:: Available data ::

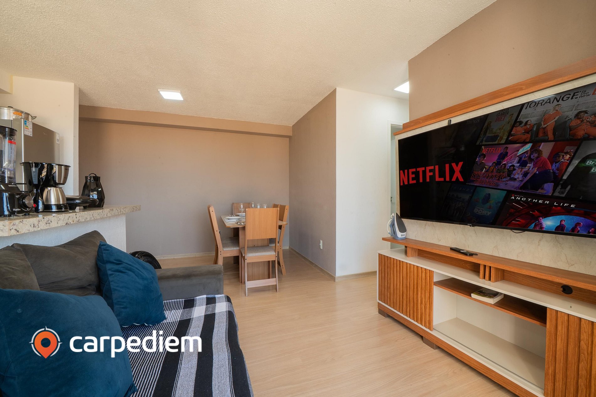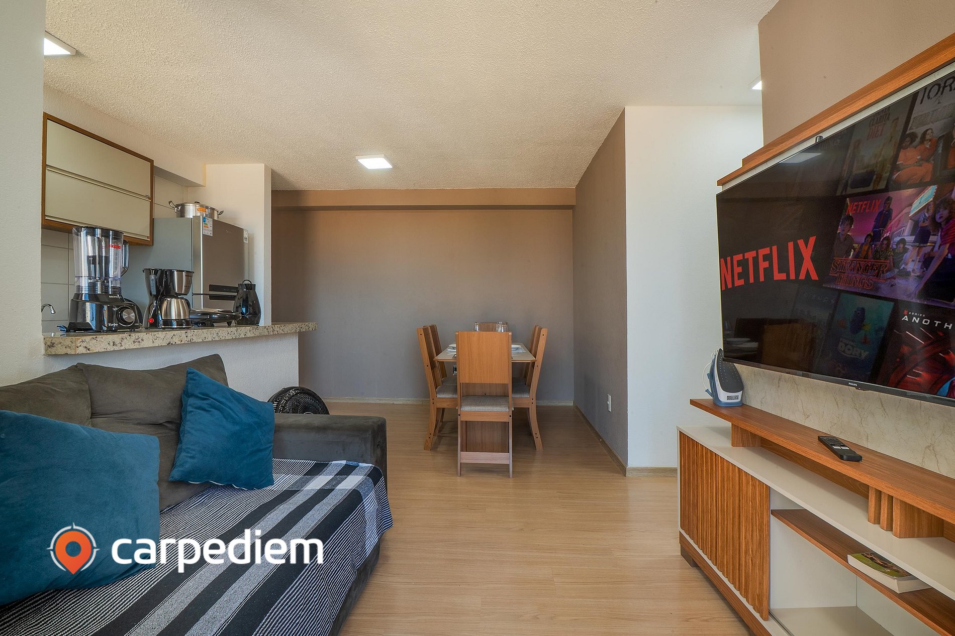 • Sala de estar: TV smart, mesa com 6 cadeiras, ventilador e cortina, mesa de jantar com 6 lugares.
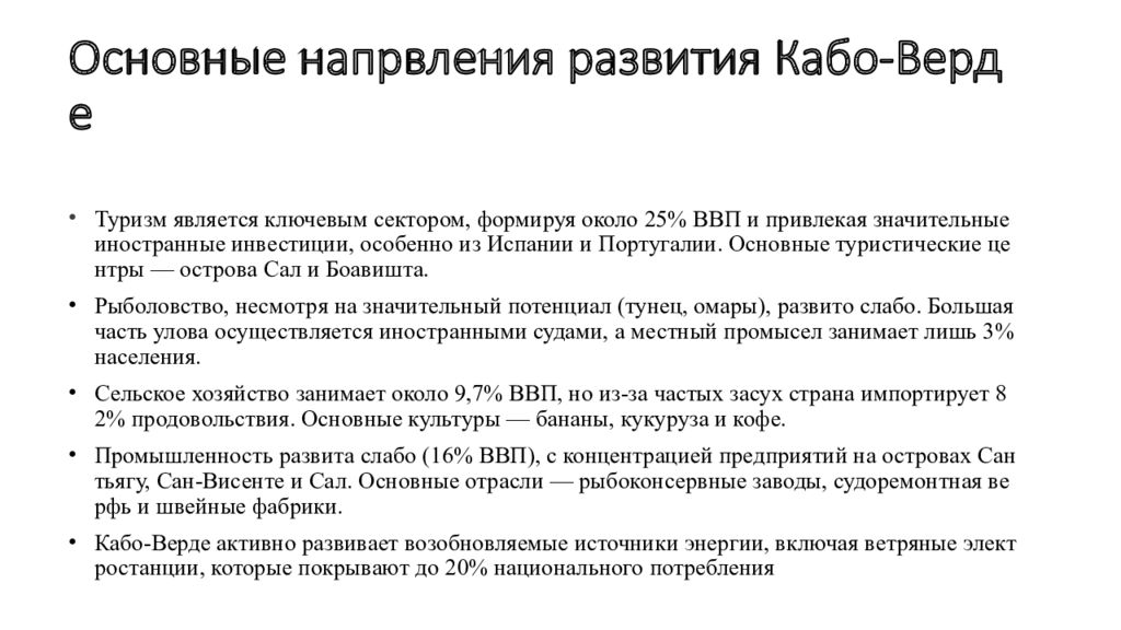 Слайд 14: Основные напрвления развития Кабо-Верде
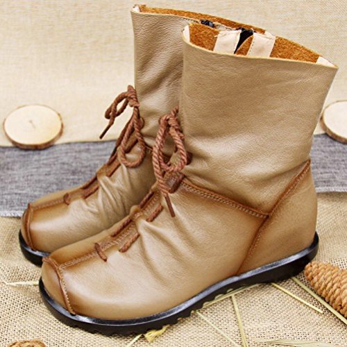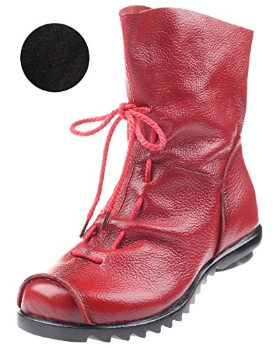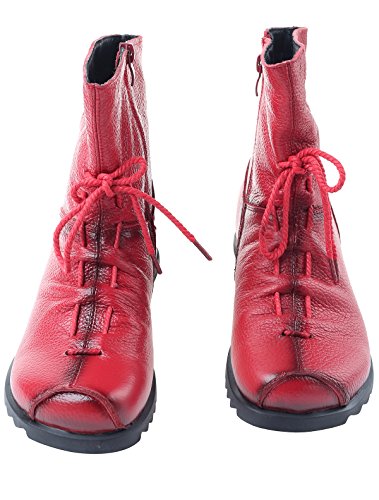| Mordenmiss Women's Side Zipper Leather Ankle Toe Cap Boot |
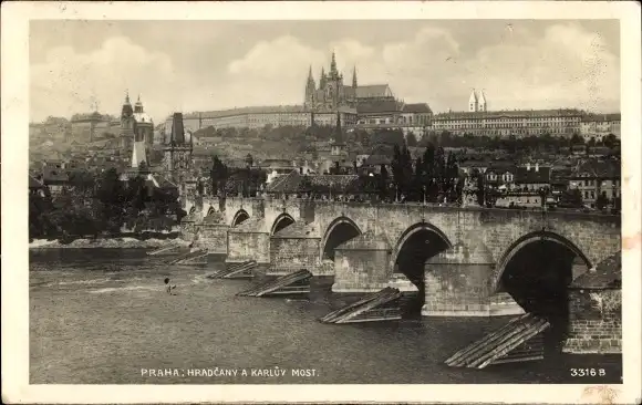 Ak Praha Prag, Hradschin, Karlsbrücke, Stadtansicht
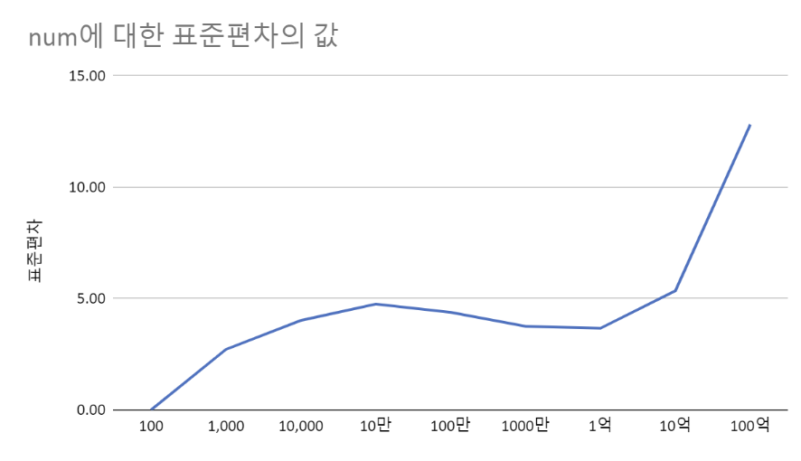 100억 개의 경우 모듈러스 연산을 사용했을 때 랜덤 엔진을 사용한 것보다 표준편차가 무려 13배가 더 컸다(표준 편차가 클수록 안 좋다).
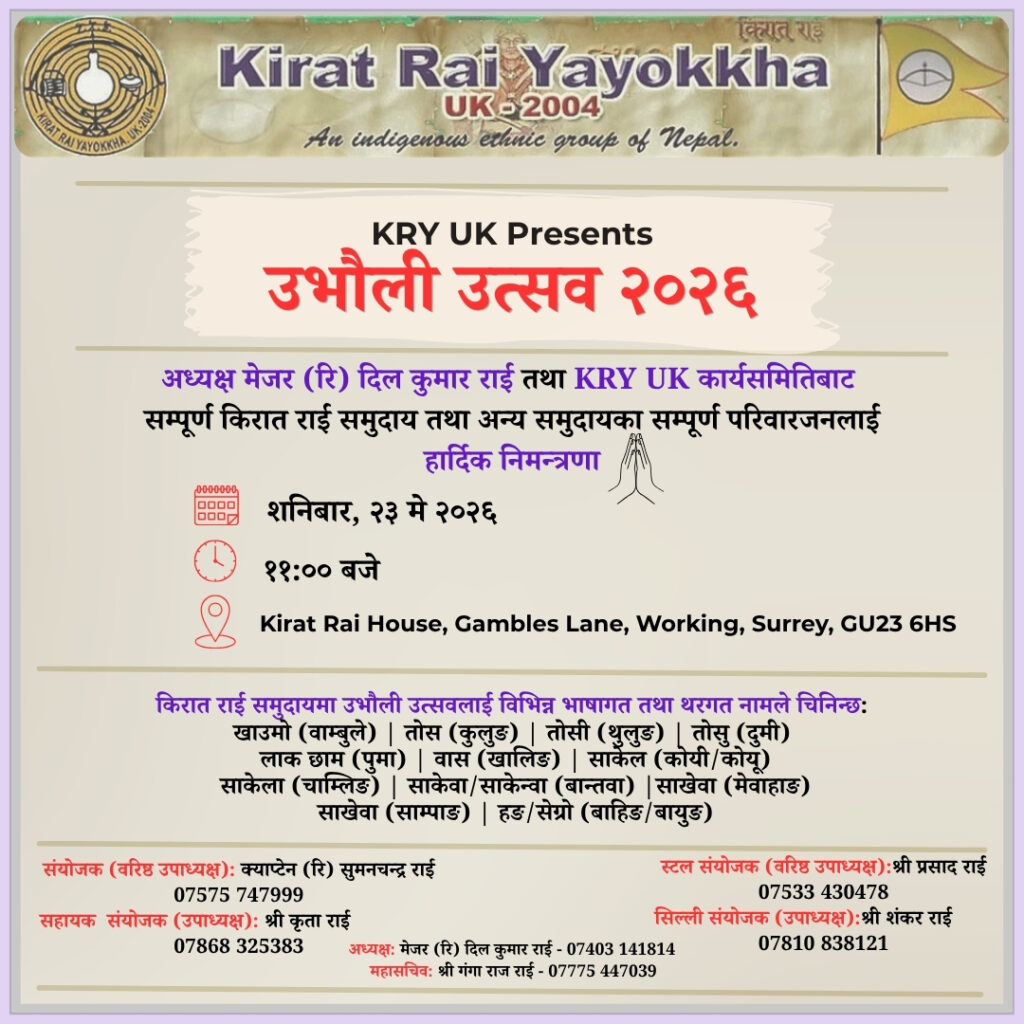 KRY UK organises two of the most important annual cultural celebrations of the Kirat Rai community: Ubhauli “Ascending”and Udhauli “Descending”.
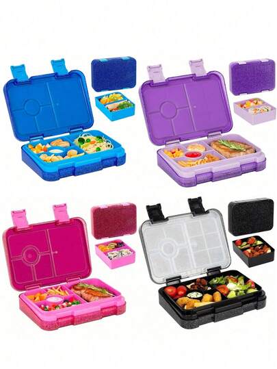 1pc Large Capacity Divided Bento Box Set, Cute Glitter Design With Mini Container, Suitable For Microwave Heating And Outdoor Dining - Multicolor - View 1

:::

--- Task requirements ---
Return all of the entries word for word, but omit the pictures.

--- Task response ---
 • Sala de estar: TV smart, mesa com 6 cadeiras, ventilador e cortina, mesa de jantar com 6 lugares.
 Слайд 14: Основные напрвления развития Кабо-Верде
| Mordenmiss Women's Side Zipper Leather Ankle Toe Cap Boot |
 Ak Praha Prag, Hradschin, Karlsbrücke, Stadtansicht
 100억 개의 경우 모듈러스 연산을 사용했을 때 랜덤 엔진을 사용한 것보다 표준편차가 무려 13배가 더 컸다(표준 편차가 클수록 안 좋다).
 KRY UK organises two of the most important annual cultural celebrations of the Kirat Rai community: Ubhauli “Ascending”and Udhauli “Descending”.
 1pc Large Capacity Divided Bento Box Set, Cute Glitter Design With Mini Container, Suitable For Microwave Heating And Outdoor Dining - Multicolor - View 1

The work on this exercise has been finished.